**WORK INSTRUCTIONS:**
Leaving all pictures out, output exactly and only the line containing "Рис. 5. Схемы" and the lines that follow it to the end of the material below.

**DATA SHOWN:**
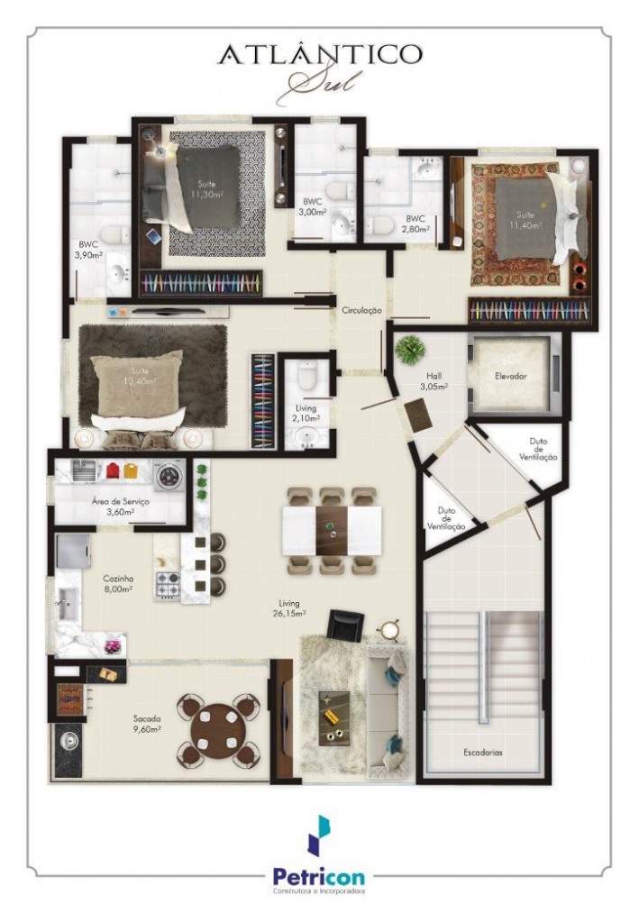 Apartamentos de 03 suítes + lavabo, 02 vagas de garagens, com 111,30 m² de área privativa e 194,48 m² de total;
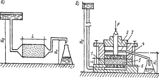 Рис. 5. Схемы установок для определения коэффициента фильтрации а —песка, б — пылевато-глинистого грунта
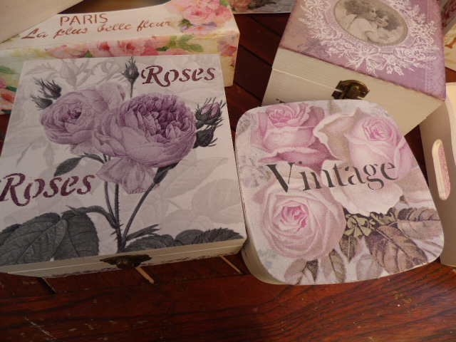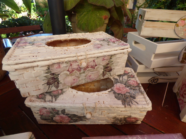 Estas cajitas de mimbre las encontré en una tienda que liquidaba todo...ahora me arrepiento de no haberme quedado más, porque quedan bonitas con decoupage de servilleta que se amolda a todos los recovecos del entramado del mimbre

**EXERCISE RESPONSE:**
 Рис. 5. Схемы установок для определения коэффициента фильтрации а —песка, б — пылевато-глинистого грунта
 Estas cajitas de mimbre las encontré en una tienda que liquidaba todo...ahora me arrepiento de no haberme quedado más, porque quedan bonitas con decoupage de servilleta que se amolda a todos los recovecos del entramado del mimbre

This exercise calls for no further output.